Historical precedent shows that fears of Romney following a popularly dictated foreign policy are unjustified; as president, Romney would have leeway in fashioning popular opinion, especially on war policy, writes Robert W. Merry in The National Interest.
Paul Pillar's regular contributions to this web site constitute an invaluable gift to all regular readers, as well as to anyone who values smart, incisive, provocative commentary, particularly when it arrives in a steady stream of thinking that bounces off the headlines on a consistent basis. Last week, Pillar issued a warning against a populist approach to presidential decision making in foreign policy—basing decisions on popular sentiment rather than a prudent view of national interest—and suggested that GOP presidential candidate Mitt Romney appeared to be the kind of man who would succumb to that particular danger. Pillar may be right. In the spirit of the kind of discourse we wish to foster at The National Interest, however, I should like to elaborate on Pillar's analysis a bit and offer a somewhat different perspective.
Pillar views Romney—quite accurately, based on the record—as a man habitually fixated on pleasing whatever audience is before him at any given time. From this he adduces that the former Massachusetts governor would govern as president in ways designed to ensure a second term. He explains:
So the choice will be between a foreign policy that is shaped overwhelmingly by whatever is seen to be politically advantageous and a foreign policy that is shaped by a less politically minded sense of what is in the U.S. interests. A populist response would be to go with the first alternative, out of a belief in democratic principles and in the idea that, in foreign as well as domestic policy, the people ought to determine what is in their own interests.

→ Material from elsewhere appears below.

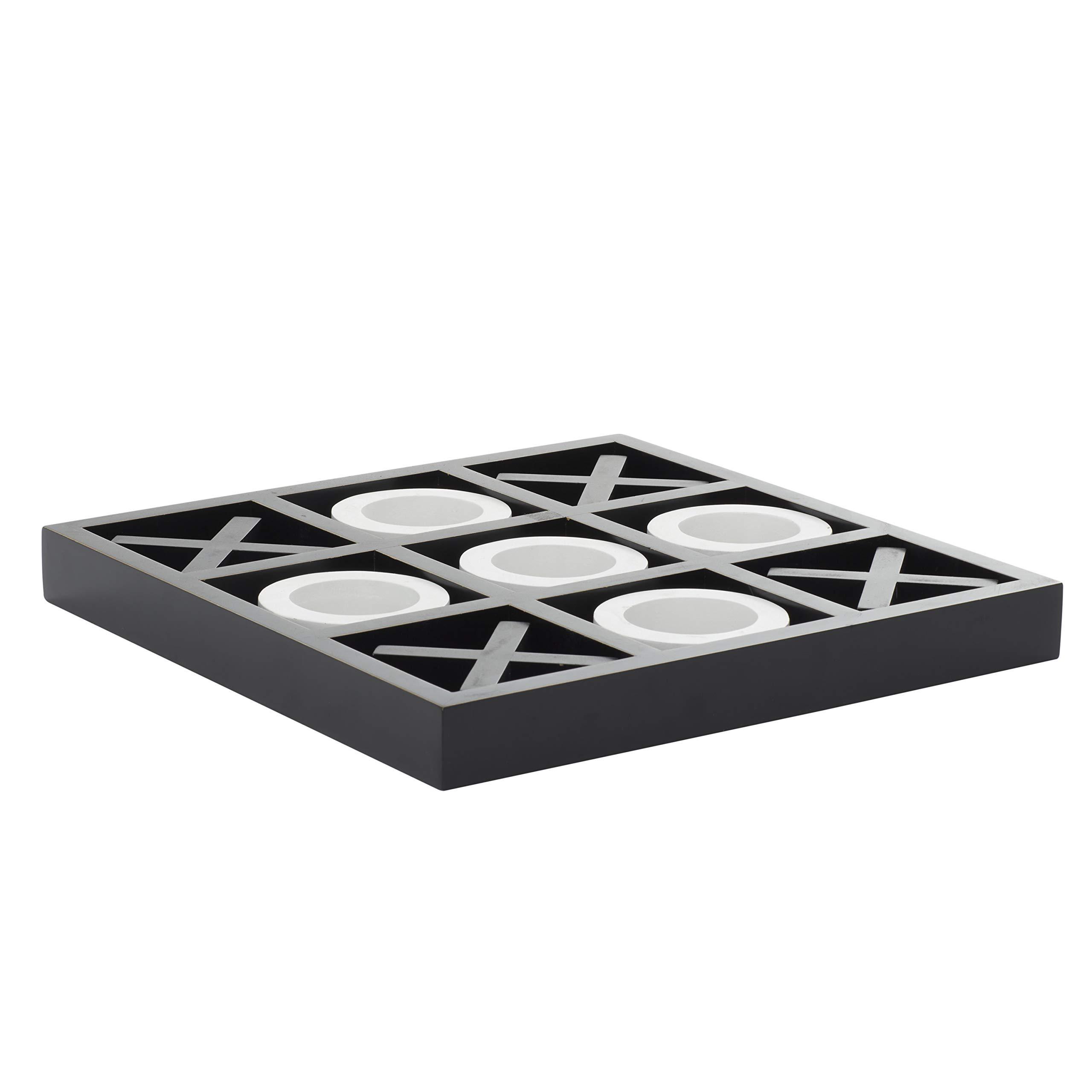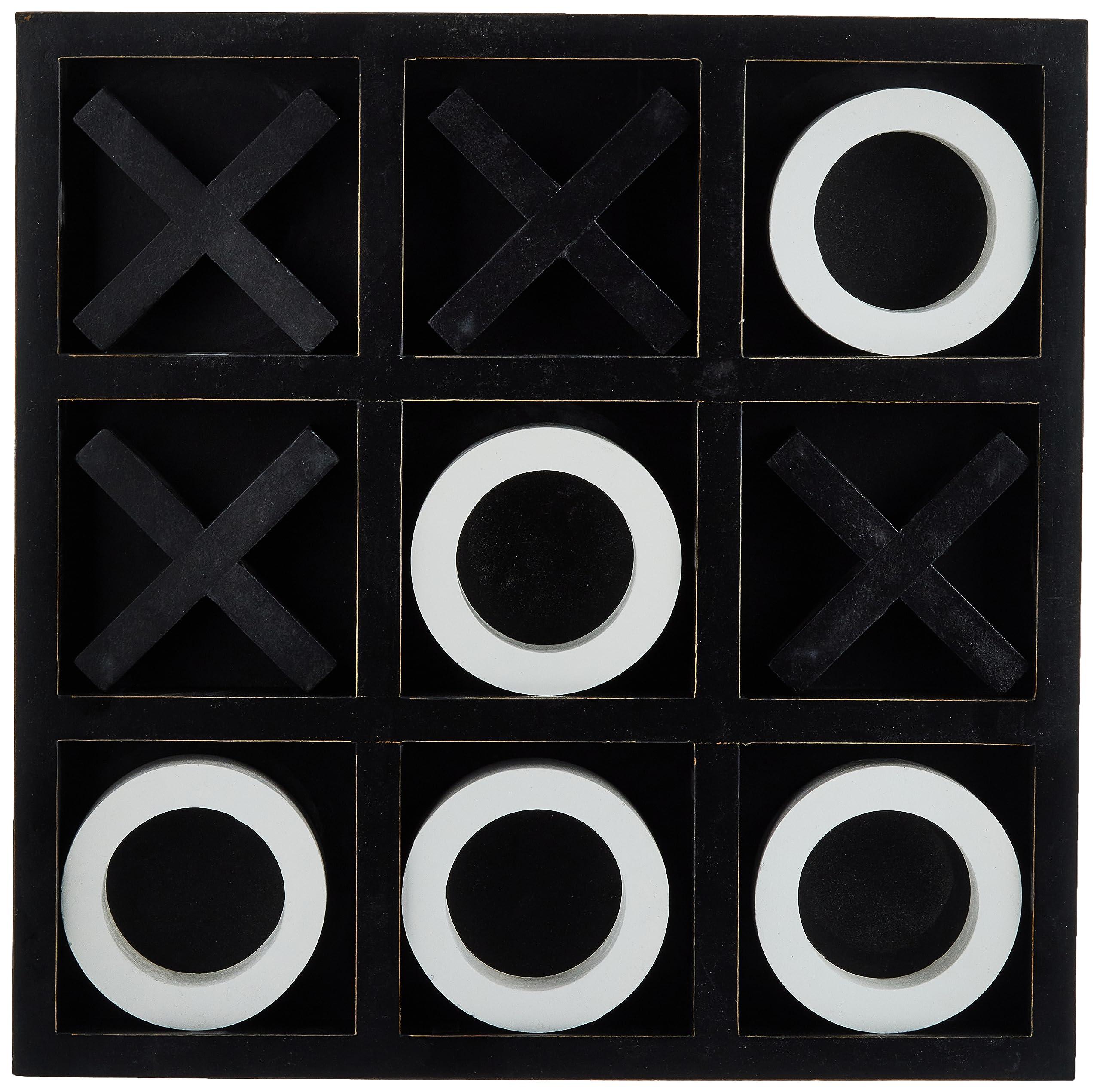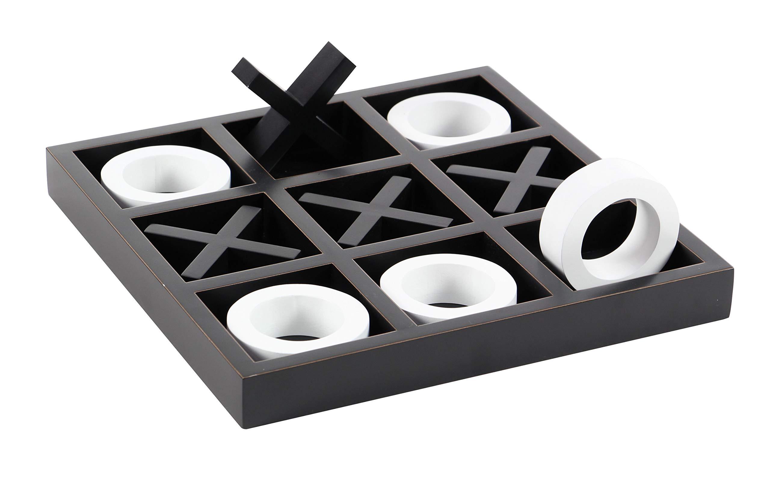 Deco 79 Wood Tic Tac Toe Game Set with White Os, 14" x 14" x 2", Black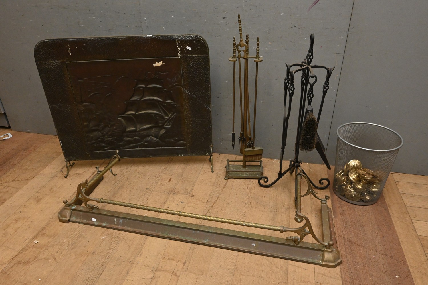 A COLLECTION OF FIRE TOOLS INCLUDING GAURD AND FIRE SCREEN (SCREEN 80H X 90W CM) (LEONARD JOEL DELIVERY SIZE: X-LARGE)

The problem here, Pillar suggests, is that most people seldom know what is in their best interests, and hence they can be manipulated by leaders absorbed with visions of national or personal glory. That may sound elitist, he concedes, and "it would be poison for any politician to utter it openly." But the truth of it is demonstrated by a host of faulty and even tragic presidential decisions related to the presidential war power. And Pillar concludes: "During the next presidential term, a foreign policy that responds largely to popular impulses is more likely to result in misdirection than in accomplishment." He sees Romney as a man likely to respond to, or even stir, those popular impulses.